前日のアブシンベル往復でかなり消耗してたので、この日は昼ごろまでゆっくり寝てた。友人は先に帰国し、自分は翌朝の便までアスワンに残る予定だったので、別のホテルへ移ってひとりで少し観光するつもりだった。
ところが、この移動で判断を外した。あとから振り返ると大きな被害が出たわけじゃないんだけど、現地で何が起きてるのか分からないまま逃げ場のない場所へ運ばれていく感覚は、この旅のなかでいちばんきつかった。
Uberが機能せず、暑さのなかで歩くしかなかった
チェックアウト後、次のホテルへ向かおうと配車アプリの「Uber」を開いたけど、一向に車が捕まらない。
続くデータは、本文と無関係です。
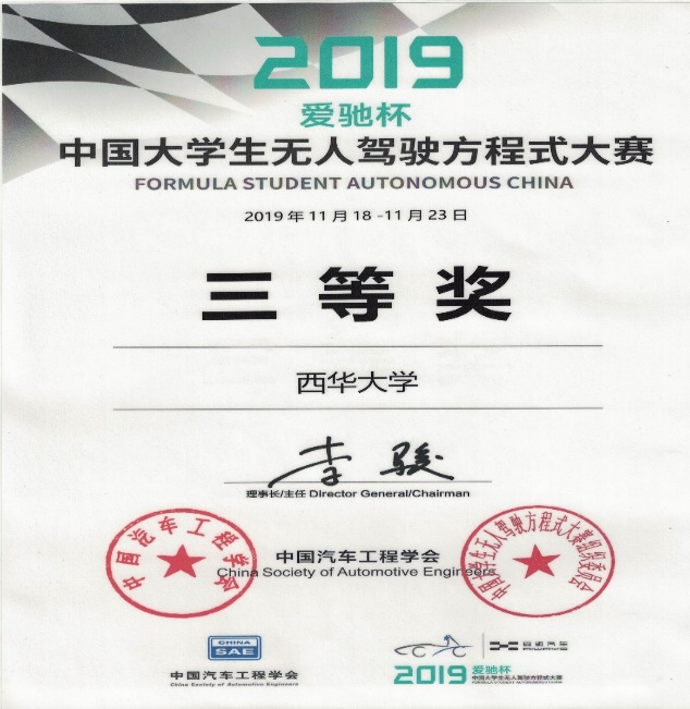 11月18日—23日,2019中国大学生方程式系列赛事(珠海站)暨蔚来杯中国大学生电动方程式大赛(FSEC)、爱驰杯中国大学生无人驾驶方程式大赛(FSAC)在珠海航展中心举行。来自国内外54支纯电动车队和14支无人驾驶车队的近2000名大学生,在各项紧张的赛事中顽强拼搏,角逐年度总冠军。经过激烈角逐,最终,西华大学FSAC大学生无人驾驶方程式车队和西华大学E-Panda纯电动车队均获得全国三等奖。
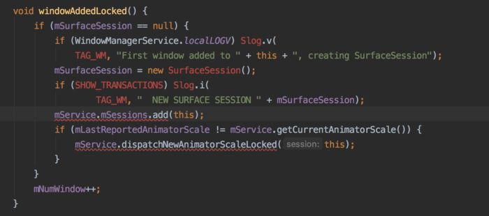 由第一步7中WindowManagerImpl.addView -> … ->WindowState.attch,创建出WindowToken用来标识Window类型,如子窗体(1000-1999),应用窗体(1-99)和系统窗体(2000-2999)。再创建WindowState——WMS端的Window对象,它持有Session与WindowManager通信,更重要的是调用Session.windowAddedLocked创建出SurfaceSession。
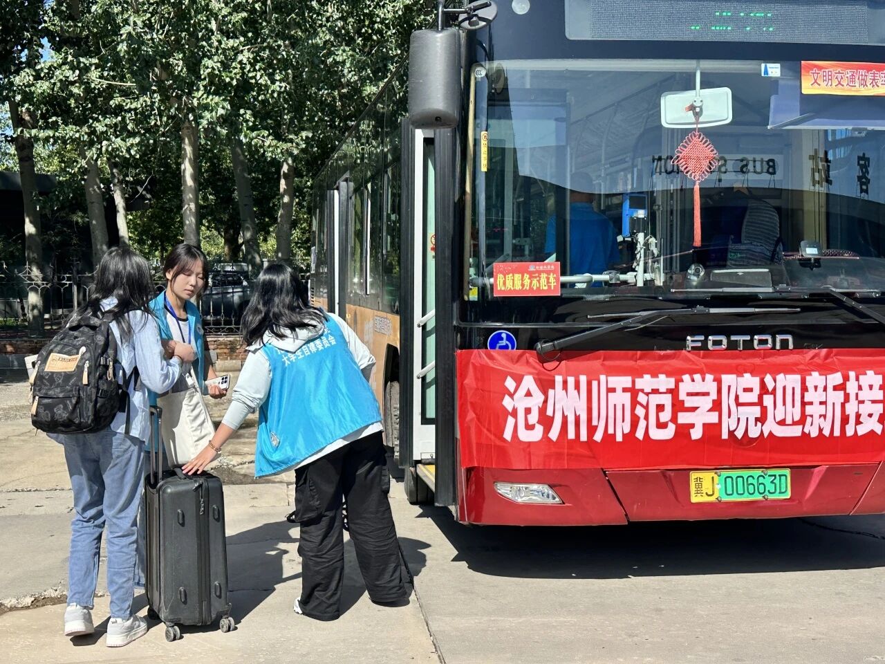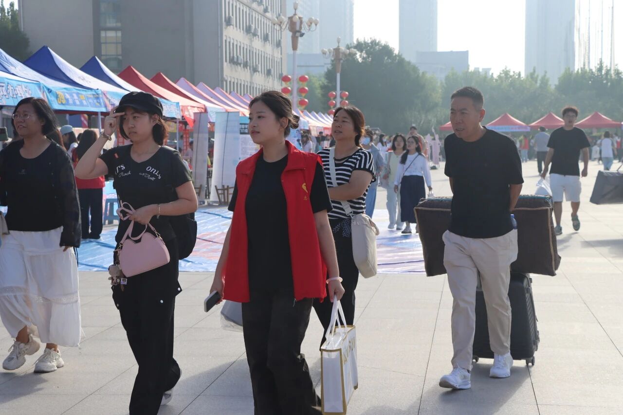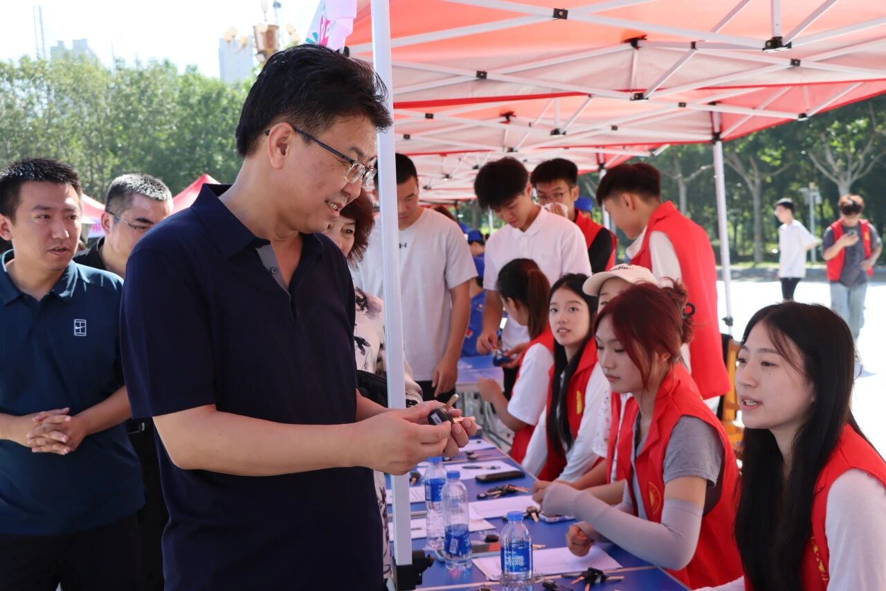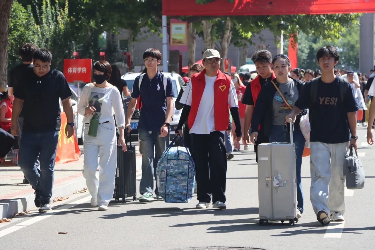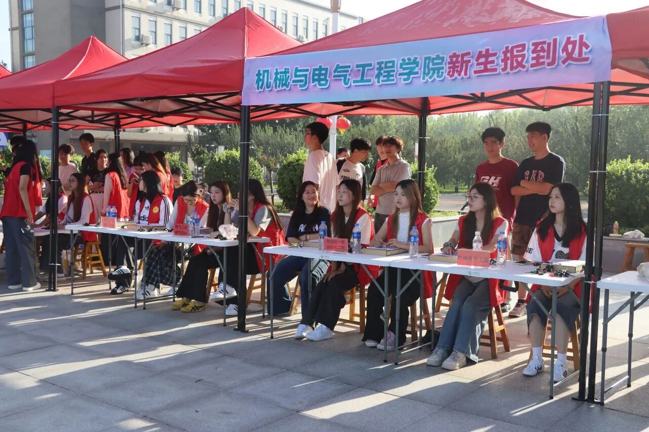 在迎新现场与前来报到的2025级新生及家长亲切交流
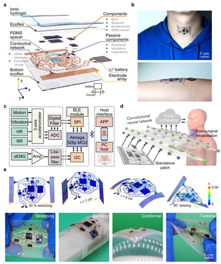 针对上述问题,近日,太阳成集团tyc151cc王卫东教授、厦门大学高立波副教授、香港大学陆洋教授以及宾州州立大学程寰宇教授联合唐都医院耳鼻喉科主任赵大庆教授和空军军医大学张杨教授等多位合作者,报道了一种用于喉部康复监测的具有传感器内自适应机器学习能力的全集成独立可延展的器件平台。成果以“A fully integrated, standalone stretchable device platform with in-sensor adaptive machine learning for rehabilitation”为题在《自然•通讯》(Nature Communications)上发表。作者团队研发的器件平台已在肌无力及喉癌病人的术后康复方面进行临床验证并取得了医生积极评价,临床试验效果与喉镜检测的喉部活动节律结果一致,并可以获取到喉镜视角受限下的误吸和咳嗽状态。
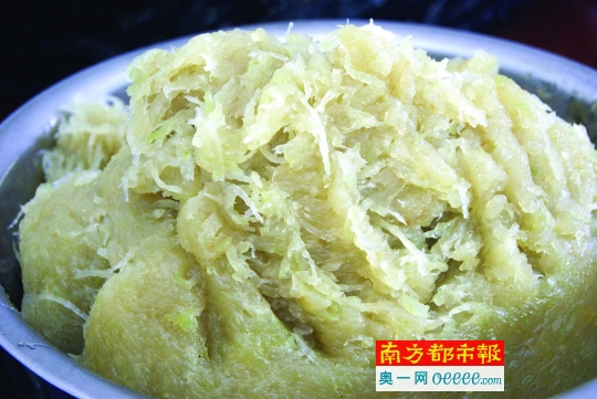 制作冬蓉真正选用的是灰皮老冬瓜。台山本土种植的灰皮老冬瓜,肉质清润爽口,纤维丰富,制成的冬蓉口感韧性足,入口如翅。
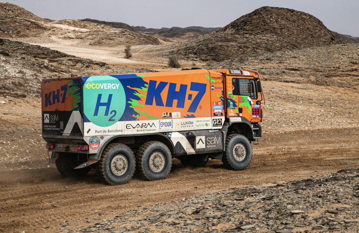 El KH-7 Epsilon Team ha superado una problemática jornada para finalizar el primer segmento de la etapa maratón del Dakar 2023, entre Riad y Al Duwadimi, de 333 km cronometrados. El equipo español, participante en la nueva división Challenge New Energy, se ha dejado una hora y cuarto en pista como consecuencia de la rotura de la cabeza de un amortiguador de la rueda delantera derecha, y ha debido aminorar el ritmo para completar los 123 kilómetros restantes de especial.
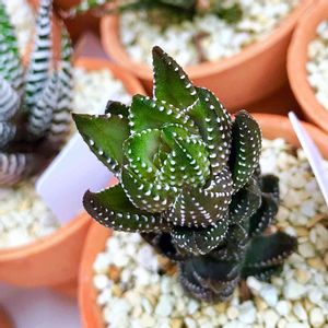 いつから居るのか何故かほとんど 投稿されない「ハオルチオプシス」達 中でも大好きな「九輪塔」のちびっ子が 少し大きくなったので載せてみました そして親株はかなり斜めに傾いています ウチでは「サンスベリア」にまざり ひっそりと地味に育っています もっと群生させたいのですがまだまだ 時間がかかりそうです
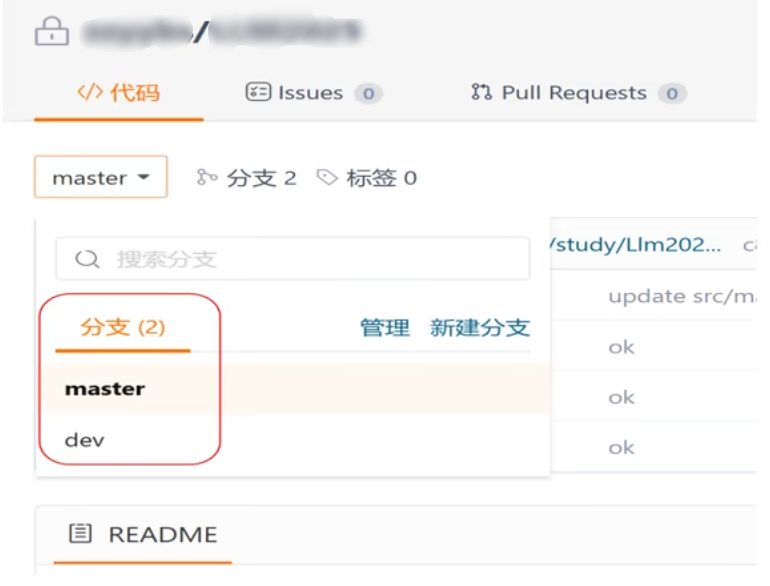 1 必定有一个master分支(公司主管已经弄好,现成的)
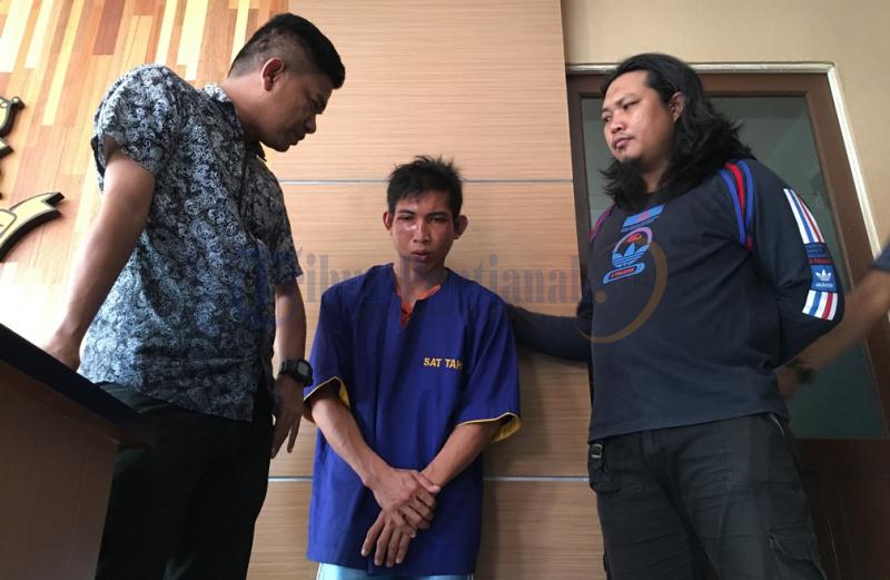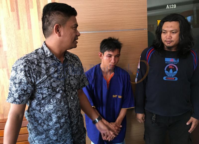 Ramadani (baju tahanan) pelaku tindakan asusila terhadap anak di bawah umur yang diamankan di Mapolresta Pontianak, Jalan Johan Idrus, Pontianak, Kalimantan Barat, Rabu (12/7/2017) siang. Ramadani melakukan tindakan asusilanya tersebut pada tahun 2012 lalu dan baru dilaporkan pada akhir bulan lalu. TRIBUN PONTIANAK/DESTRIADI YUNAS JUMASANI
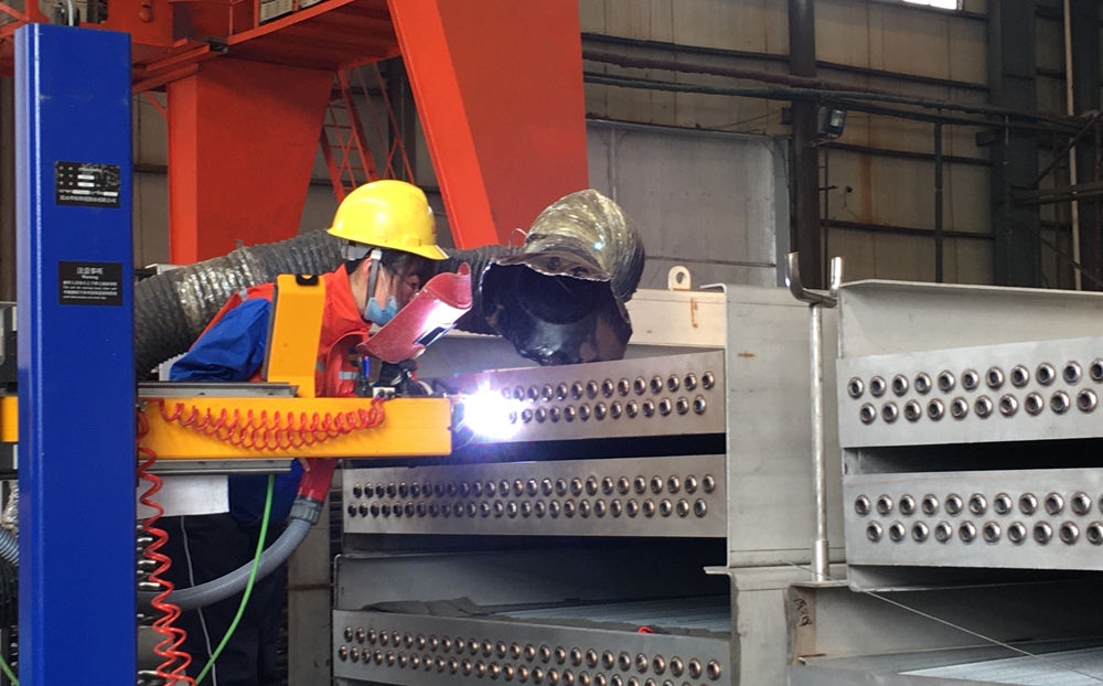 在設(shè)備制作現(xiàn)場,員工們正在熱火朝天的忙碌著。有的在彎制蒸發(fā)冷管束,有的在焊接蒸發(fā)冷箱體,有的在焊接蒸發(fā)冷管箱管頭……。記者現(xiàn)場采訪了一名焊工孟麗娟,她告訴記者:“通過實(shí)施定量定價(jià)小段包工,我原來每天焊接蒸發(fā)冷管箱230個(gè)管頭,現(xiàn)在焊接300個(gè)左右,工作效率明顯提高了,工資收入增長了,干勁更足了。”
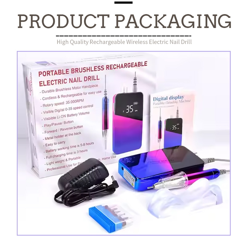 Abubuwan da ke cikin wannan kunshin ƙusa na ƙusa mai tsawon rpm 30,000 yana da samfurin alƙalami mai yashi, kebul na cajin USB, littafin koyarwar samfur, da akwati mara nauyi da ɗaukuwa.
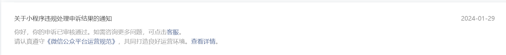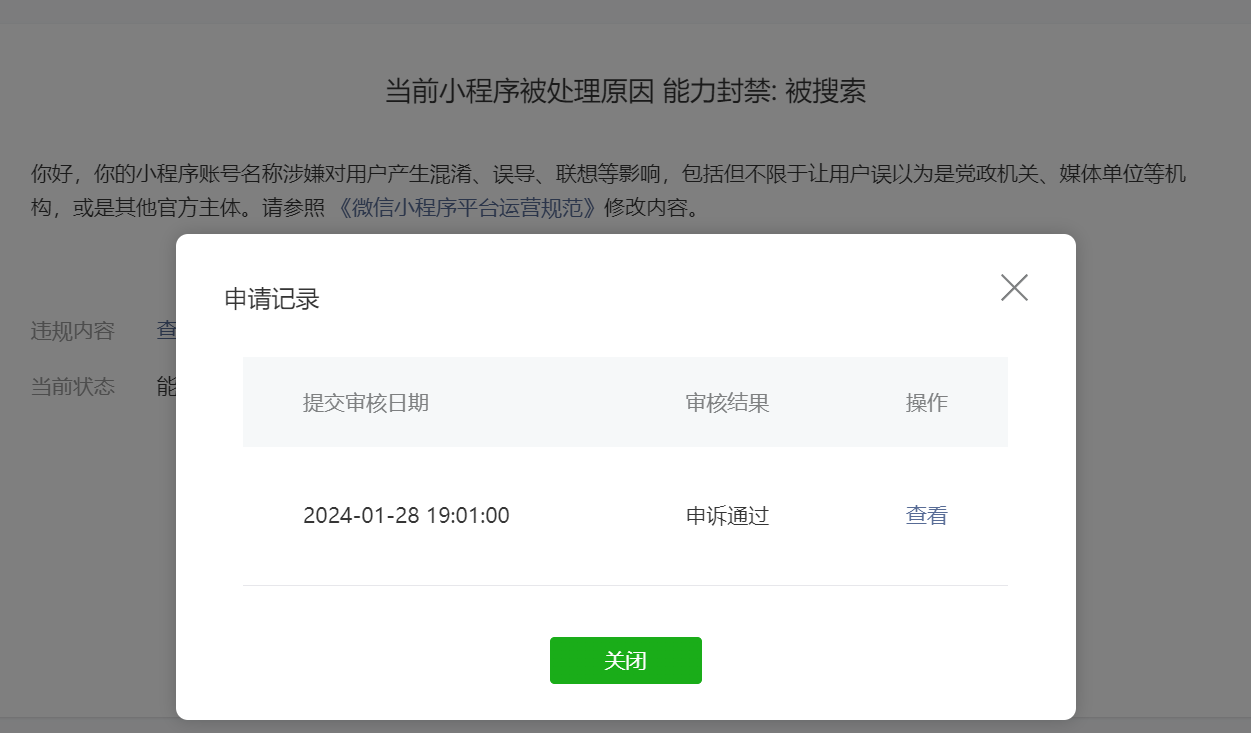经核实 小程序为正常使用状态 之前的处罚已解除
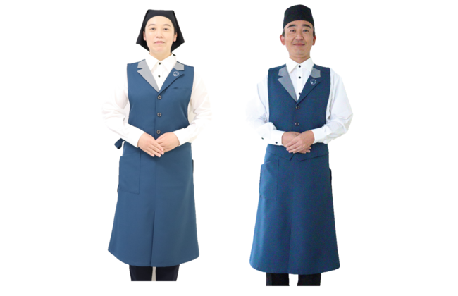 新制服は、「初心を忘れない」をテーマに、時代の変化にも対応する制服を採用致しました。鼓月の創業当時のブルーグレーを基調とした色合いに仕上げ、ブランド自体のモダンアップデートを目指しております。
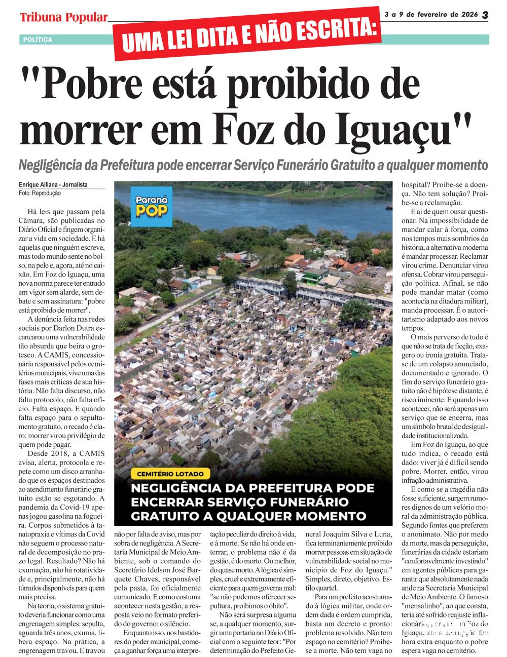 Em Foz do Iguaçu, ao que tudo indica, o recado está dado: viver já é difícil sendo pobre. Morrer, então, virou infração administrativa.
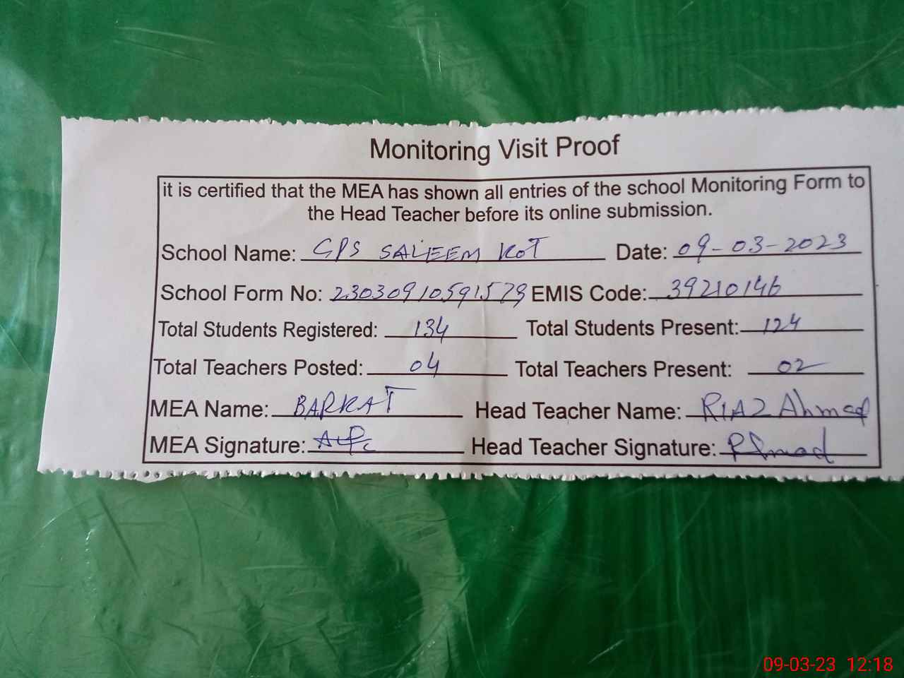 | Attendance Register | Head Teacher | MEA with School | Visit Proof |

カイロとは違って、アスワンではUberはほとんど機能してないようだった。
気温37度という猛暑のなか、徒歩で2時間半かかるホテルへ向けて歩きながら、野良のタクシーを探すことにした。けど、タクシーも全く通らない。1時間半ほど歩き続けて疲労が限界に達したころ、ようやく1台のトゥクトゥクを捕まえられた。疲れすぎて交渉する気力もなく、言い値の「100ポンド」で乗ってしまった。
ナビと逆へ進み、そのまま川を渡らされる
トゥクトゥクに揺られてると、明らかにスマホの地図のナビとは違う、逆方向へ進んでることに気づいた。
「地元の人が知ってる抜け道だろう」と最初は気にしてなかったけど、突然よく分からない川岸で降ろされて、**「ここからボートに乗れ」**と指示されたのだ。
言われるがままに小型のモーターボートに乗せられると、着いたのはナイル川に浮かぶ「セリカ島」という場所だった。ここは「ヌビア人(Nubian)」と呼ばれる、エジプトの先住民が住む島だったのだ。
焦って「ここに行きたいんじゃない、予約してるホテルに行きたいんだ」と必死に伝えるけど、ボートの操縦士は「大丈夫、連れて行ってやるから」と聞く耳を持たない。さらに今度は、手漕ぎの小さなボートに乗り換えさせられて、隣の島へと漕ぎ出した。
川のど真ん中。言葉も通じず、周囲は水に囲まれてて完全に逃げ場がない。「このまま身ぐるみ剥がされるんじゃないか」という恐怖で頭がいっぱいになって、「頼むから元いた場所に戻してくれ」と何度も懇願した。
何度もお願いして、なんとか元の岸に戻してもらえた。けど、しっかりボート代として合計150ポンドを要求された。
警備員に助けられてホテルへ、そのまま外に出られなくなった
岸に戻ったあと、もう誰も信用できなくなった自分は、自力で歩いてホテルへ向かおうとした。けど、川にかかる橋の手前に軍の警備員が立ってて、「この橋は長いから歩いて渡らないほうがいい、車を手配しろ」と止められた。警備員が通りかかったトゥクトゥクを止めてくれて、それに乗ってなんとか目的地のホテル周辺へ。
でも、このトゥクトゥクの運転手も、到着するなり「300ポンド」という法外な金額を要求してきた。恐怖と疲労でボロボロだったけど必死に値切って、なんとか200ポンドを払って解放された。
あとから見えてきたこと
どうやら、アスワンのナイル川西側エリアはヌビア人たちの居住区で、彼らなりの観光ルート(島巡り)に勝手に連れ込まれてしまっただけのようだった。もしかしたら彼らに悪気はなく、「信じてついて行けばいい人たち」だったのかもしれない。
ただ、言葉が通じない異国の地で、逃げ場のない島に閉じ込められて全く違う方向へ連れて行かれる恐怖は、トラウマレベルだった。
ホテルにチェックインすると、スタッフはとても温かく迎えてくれたけど、自分はもう外に出るのがすっかり怖くなってしまった。その日は近くのスーパーで水と食料だけを買って、翌朝までホテルの部屋に引きこもってた。
翌朝のアスワン空港までの移動も、野良タクシーを拾う勇気は残ってなくて、ホテルのフロントに確実なタクシーを手配してもらった(安心料として600ポンド/約12ドルかかったけど、全く惜しくなかった)。
エジプトの最後にかなり重い出来事を食らったけど、翌朝はもう出国だ。次はアスワンからカイロを経て、ようやくギリシャのアテネへ向かう。